December 18, 2003 3:26 PM   Subscribe

I used a Magnavox Videowriter word processor back in the 1980s and filled up 20+ 400k floppies with writing that I cannot access through any other means but the Videowriter. How do I convert those old floppies to plain text so I can access my (probably horrible) early writings?

BTW, I contacted (teeth=grit) Magnavox (/teeth) about this and they told me that they would happily convert them for me... at $25 each. Vultures!
posted by squirrel to Computers & Internet (9 answers total) 1 user marked this as a favorite
Not a perfect solution, but check this out.
posted by Optamystic at 4:08 PM on December 18, 2003

I'm Feeling Lucky
posted by majick at 4:14 PM on December 18, 2003

Oh, I still have the old unit, Optamystic. Runs like a tank. Not that I would ever write anything on it again... far less buy another one! :^)

majick, thanks for trying. I looked at that product before. A close read reveals that in addition to the product you linked to, you need another decoder, the total for which is over $150. And it runs only in DOS, and only under Win 95 DOS. Feh. Thanks anyway for trying!
posted by squirrel at 6:03 PM on December 18, 2003

Heh, it looks like a microwave to me ...
posted by carter at 7:29 PM on December 18, 2003

Also not a perfect solution, but possibly the cheapest: print out the pages, buy a scanner, and OCR them.
posted by bshort at 8:21 PM on December 18, 2003 [1 favorite]

This usenet thread might be helpful. They suggest using a parallel to serial converter to connect to a PC through the printer port and using a terminal program on the PC to capture the text as you print it from the Videowriter. Unfortunately, there's no word on whether that was successful.
posted by teg at 9:28 PM on December 18, 2003

teg, that just goes to show you what a craven band of loonies us Videowriter hacks are. No way I have the skills or the patience to pull that off. I mean, these ain't the dead sea scrolls, they're poems I wrote when I was 18. bshort, I tried that solution. The biggest problem is that the dot-matrix printouts are OLD-Sah-KOOL, and OCR software doesn't know what to make of it. Thanks to both of you anyway. carter, that's just the pain talking, man. Work through it.
posted by squirrel at 11:04 PM on December 18, 2003

Any antique computer clubs or the like in your area, Squirrel? If so, somebody there might be willing to help you implement teg's solution. A quick Google reveals the Computer History Museum, who might not be able to help you, but might know someone who can. In any case, transferring it via parallel cable might be easier than trying to read the disks.
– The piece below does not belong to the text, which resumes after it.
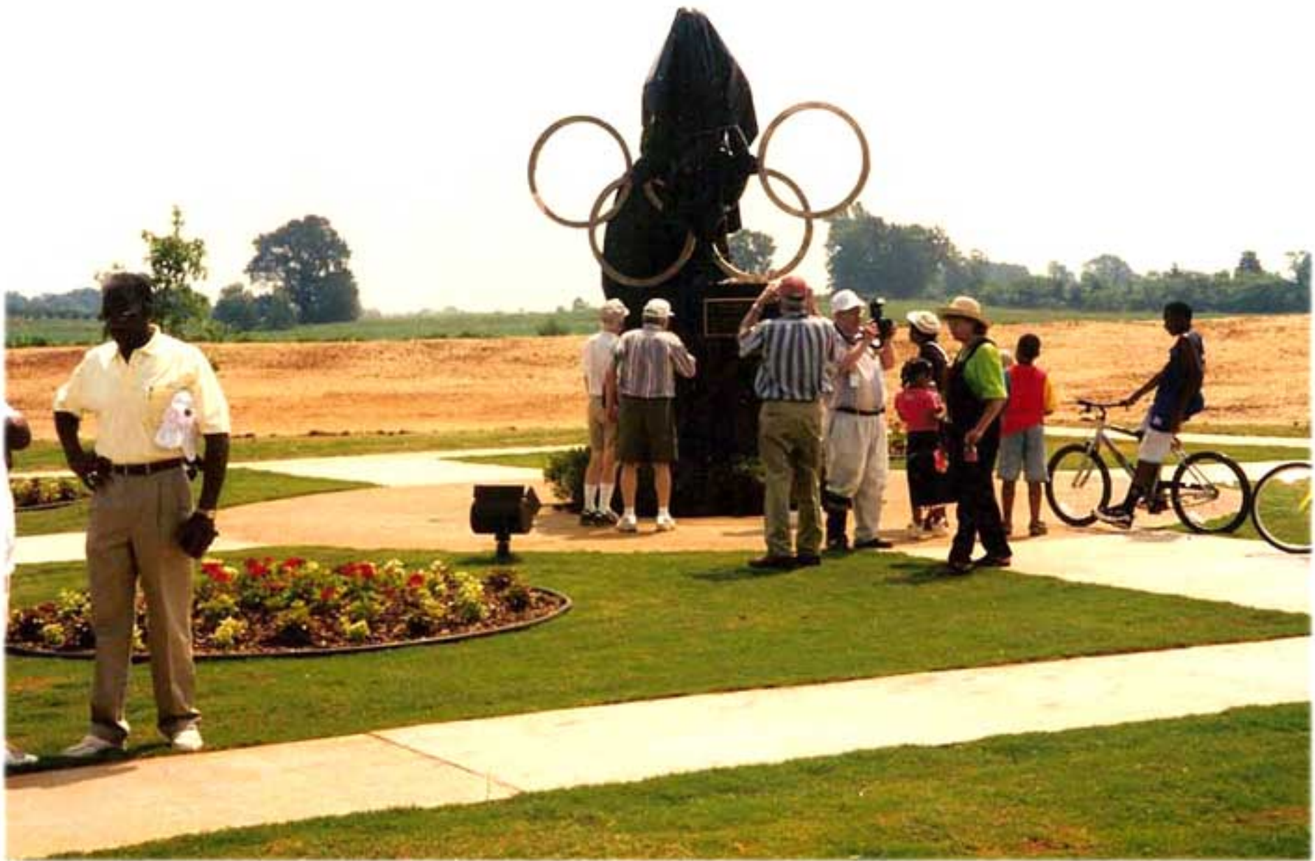
Crowd starting to gather for the statue dedication.

Actually, come to think of it, if you've got a parallel port on your PC, try hooking the printer port on the Videowriter up to the PC parallel port, and try this in a DOS window:

copy lpt1 squirrelsradpoem.txt

Then print the file from the Videowriter. (If it's at all possible, set the Videowriter to send just plain ASCII, no printer control codes.) Wait a few minutes, hit CTRL-C on the PC, and open the resulting file up in a text editor. Hopefully, you should see the text file, possibly with some extra garbage characters, and possibly all on one line. If you just get an empty file, try the above steps, only with a crossover (LapLink-style) parallel cable instead of the straight one. And if it still doesn't work after that, well, I'm all outta ideas.
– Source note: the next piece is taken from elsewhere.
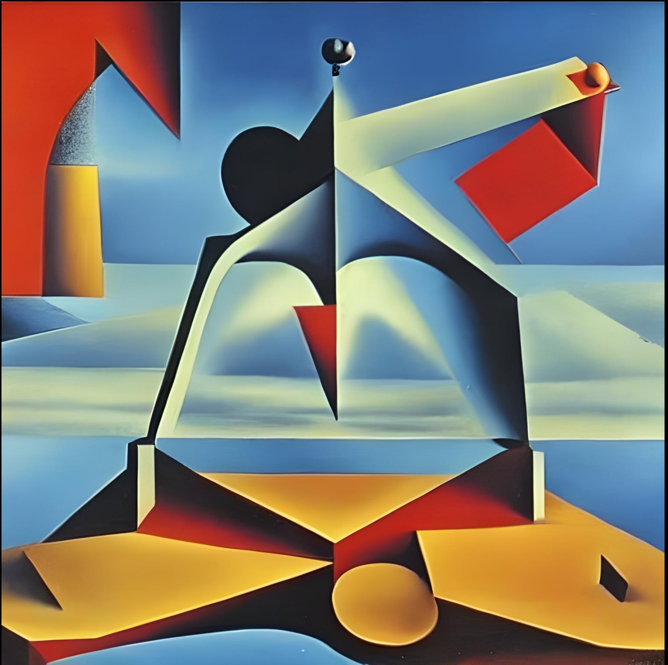
History of Desire Wednesday 29 March, 2023

(If you've got access to a Linux/Unix machine instead of DOS, the command ought to be something like

cat /dev/something > somefile.txt

but I can't remember the correct name for a parallel device, and it might change from distro to distro anyway--my Gentoo box has a bewildering array of stuff in /dev, and nothing looks like it ought to be a parallel port.)
posted by arto at 2:40 AM on December 19, 2003

Thanks, arto. That sounds worth a try.